Google ma uwierzytelnianie dwuskładnikowe zarówno dla wiadomości SMS, jak i poręcznej aplikacji mobilnej - przeczytaj nasz przewodnik po instalacji i konfiguracji aplikacji mobilnej tutaj.

LastPass oferuje wiele form uwierzytelniania wieloskładnikowego, w tym za pomocą Google Authenticator. Mamy tutaj przewodnik konfiguracji.

Facebook ma dwuskładnikowy system o nazwie "zatwierdzenia logowania", który wykorzystuje SMS-y do potwierdzenia tożsamości.

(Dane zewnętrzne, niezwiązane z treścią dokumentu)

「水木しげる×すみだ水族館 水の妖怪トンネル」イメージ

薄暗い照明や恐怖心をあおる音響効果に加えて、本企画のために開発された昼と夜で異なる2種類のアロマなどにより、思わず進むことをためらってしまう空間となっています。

SpiderOak, usługa pamięci masowej typu Dropbox, oferuje uwierzytelnianie dwuskładnikowe.

Blizzard, firma stojąca za takimi grami, jak World of War Craft i Diablo, ma darmowego uwierzytelniającego.

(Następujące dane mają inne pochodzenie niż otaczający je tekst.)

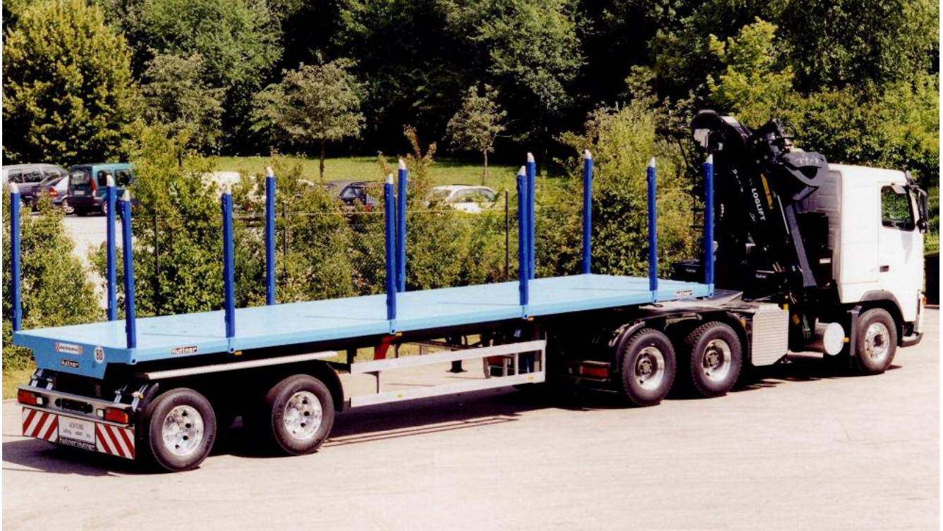
Sattelaufliieger mit Stahlpritsche aus 4mm Riffelblech

Nawet jeśli wygląda na to, że czyta się plik FAQ danej firmy, nie ma on uwierzytelniania dwuskładnikowego, nie wysyła do nich e-maila i nie pyta. Im więcej osób pyta o czynnik dwuskładnikowy, tym większa szansa, że ​​firma go wdroży.

Chociaż uwierzytelnianie dwuskładnikowe nie jest niewrażliwe na atak (wyrafinowany atak typu "człowiek w środku" lub kradzież dodatkowego tokena uwierzytelniającego i pokonanie go za pomocą potoku może go złamać), jest radykalnie bezpieczniejsze niż poleganie na zwykłym haśle i po prostu posiadanie dwuskładnikowego systemu włączonego czyni cię mniej atrakcyjnym celem.

Znasz usługę, dużą lub małą, która oferuje uwierzytelnianie dwuskładnikowe? Zagraj w komentarzach, aby ostrzec innych czytelników.